List of Subjects in 12 CFR Part 1282
Mortgages, Reporting and recordkeeping requirements.
Authority and Issuance
For the reasons stated in the Preamble, under the authority of 12
U.S.C. 4511, 4513, and 4526, FHFA proposes to amend part 1282 of Title
12 of the Code of Federal Regulations as follows:
CHAPTER XII--FEDERAL HOUSING FINANCE AGENCY
SUBCHAPTER E--HOUSING GOALS AND MISSION
PART 1282--ENTERPRISE HOUSING GOALS AND MISSION
0
1. The authority citation for part 1282 continues to read as follows:
Authority: 12 U.S.C. 4501, 4502, 4511, 4513, 4526, 4561-4566.
0
2. Amend Sec. 1282.13 by revising paragraphs (b) through (d) to read
as follows:
Sec. 1282.13 Multifamily special affordable housing goal and
subgoals.
* * * * *
(b) Multifamily low-income housing goal. The percentage share of
dwelling units in multifamily residential housing financed by mortgages
purchased by each Enterprise that consists of dwelling units affordable
to low-income families shall meet or exceed 61 percent of the total
number of dwelling units in multifamily residential housing financed by
mortgages purchased by the Enterprise in each year for 2023 and 2024.
(c) Multifamily very low-income housing subgoal. The percentage
share of dwelling units in multifamily residential housing financed by
mortgages purchased by each Enterprise that consists of dwelling units
affordable to very low-income families shall meet or exceed 12 percent
of the total number of dwelling units in multifamily residential
housing financed by mortgages purchased by the Enterprise in each year
for 2023 and 2024.
(d) Small multifamily low-income housing subgoal. The percentage
share of dwelling units in small multifamily properties financed by
mortgages purchased by each Enterprise that consists of dwelling units
affordable to low-income families shall meet or exceed 2 percent of the
total number of dwelling units in all multifamily residential housing
financed by mortgages purchased by the Enterprise in each year for 2023
and 2024.
0
3. Amend Sec. 1282.15 by revising paragraphs (c) and (e)(3) to read as
follows:
Sec. 1282.15 General counting requirements.
* * * * *
(c) Calculating the numerator and denominator for multifamily
housing goals. Performance under the multifamily housing goal and
subgoals shall be measured using a fraction that is converted into a
percentage. Neither the numerator nor the denominator shall include
Enterprise transactions or activities that are not mortgage purchases
as defined by FHFA or that are specifically excluded as ineligible
under Sec. 1282.16(b).
[[Page 50803]]
(1) The numerator. The numerator of each fraction is the number of
dwelling units that count toward achievement of a particular
multifamily housing goal or subgoal in properties financed by mortgages
purchased by an Enterprise in a particular year.
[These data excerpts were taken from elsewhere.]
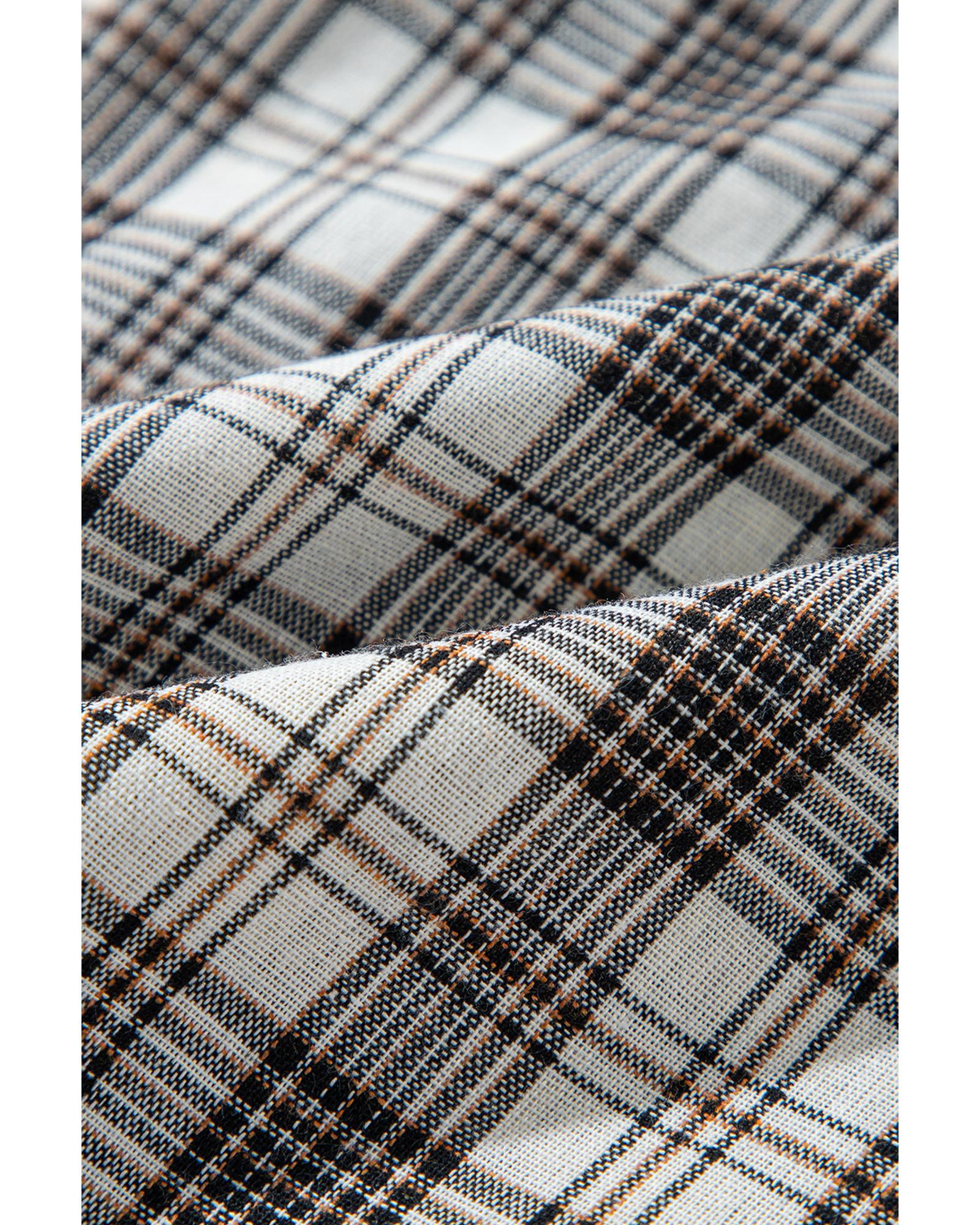 Black Checkered Print Loose Fit Buttoned Hooded Shacket – XL
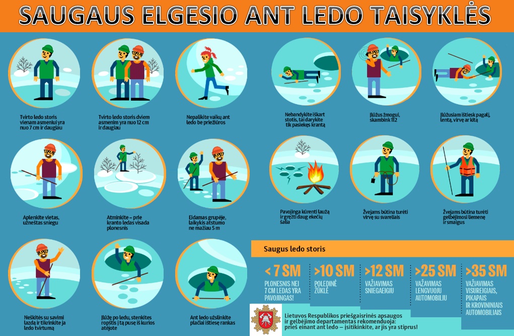 Einant ledu reikia turėti tvirtą lazdą ir ja tikrinti ledo stiprumą. Jeigu į ledą sudavus lazda, ant jo pasirodo vanduo, reikia nedelsiant grįžti į krantą. Eiti reikia čiuožiant, neatitraukiant kojų nuo ledo. Jeigu esate su slidėmis, tai atsisekite slidžių tvirtinimus, kad esant reikalui jas greitai galima būtų nusimesti nuo kojų. Slidžių lazdas laikykite rankose, plaštakų neprakiškite pro kilpas. Galėsite lazdas greitai numesti. Jeigu ledu eina grupė žmonių, reikia laikytis distancijos. Atstumas tarp žmonių turi būti ne mažesnis kaip 5 metrai. Einant ledu reikia aplenkti vietas, kurios užneštos sniegu arba pripustytos pusnių, nes po sniegu ledas visada yra plonesnis. Ypač atsargiems reikia būti prie kranto, nes čia ledas silpnesnis ir jame gali būti įtrūkimų. Ledas labai pavojingas ir atodrėkių metu. Ant ledo ypač mėgsta žaisti vaikai, nepalikite jų be priežiūros.
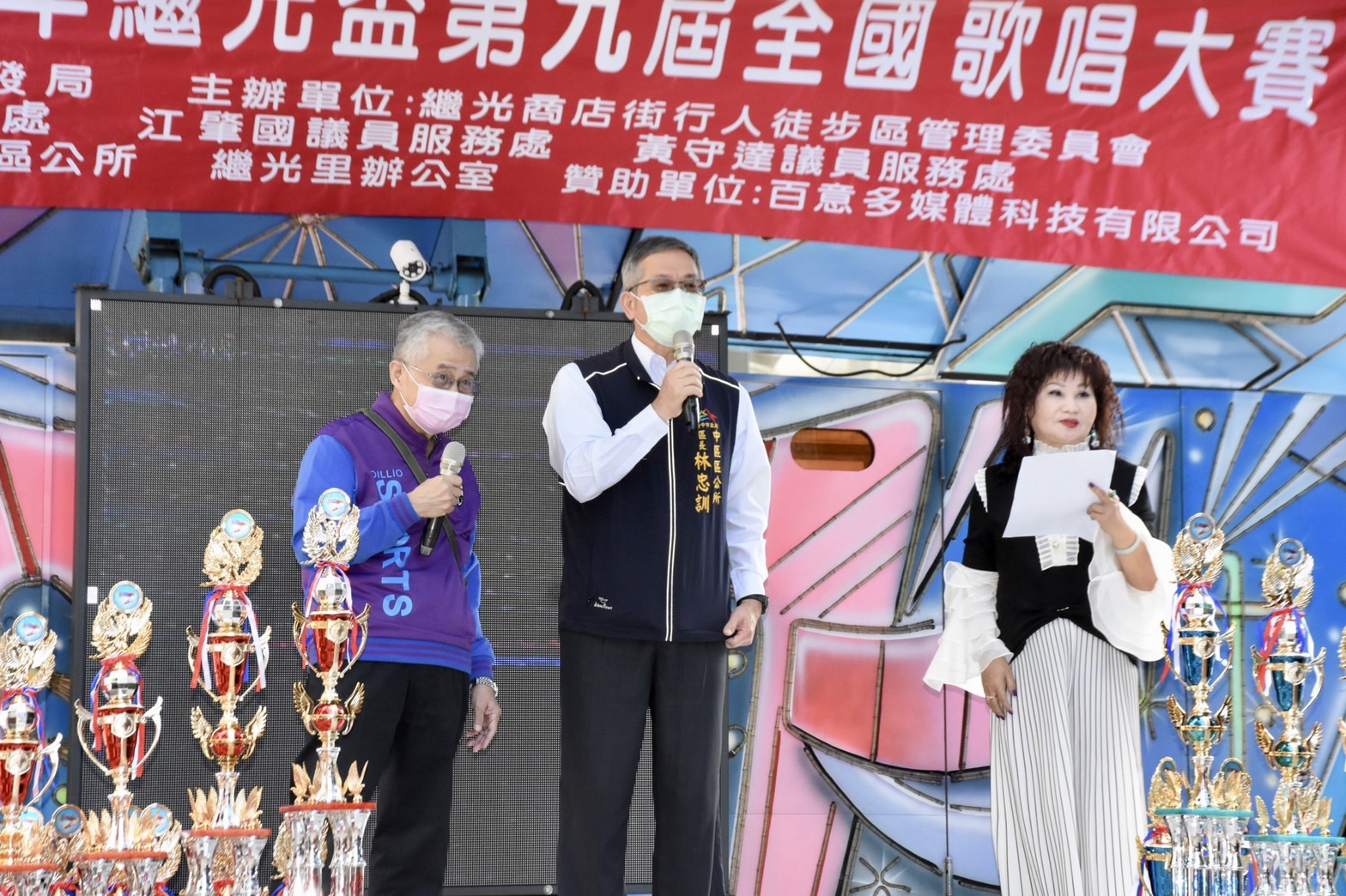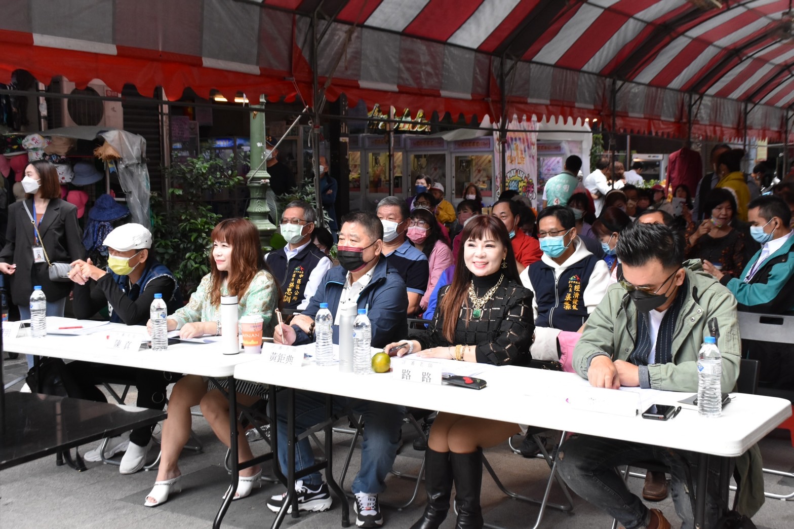 今日歌唱大賽,包含市議員黃守達、經發局長張峯源、中區區長林忠訓、繼光里長吳禎耀、台中市商圈觀光文化產業聯合會理事長張聖明、繼光街商圈主委林錦源、自由路商圈主委王允伶皆到場支持,市議員張彥彤、江肇國也派代表出席。(11/6*8)*經發局

(2) The denominator. The denominator of each fraction is the total
number of dwelling units in properties financed by mortgages purchased
by an Enterprise in a particular year.
* * * * *
(e) * * *
(3) The estimation methodology in paragraph (e)(2) of this section
may be used up to a nationwide maximum of 5 percent of the total number
of rental units in properties securing multifamily mortgages purchased
by the Enterprise in the current year. Multifamily rental units with
missing affordability information in excess of this maximum shall be
included in the denominator for the multifamily housing goal and
subgoals, but such rental units shall not be counted in the numerator
of any multifamily housing goal or subgoal. Multifamily rental units
with missing affordability information for which estimation information
is not available shall be excluded from both the numerator and the
denominator for purposes of the multifamily housing goal and subgoals.
* * * * *
Sandra L. Thompson,
Director, Federal Housing Finance Agency.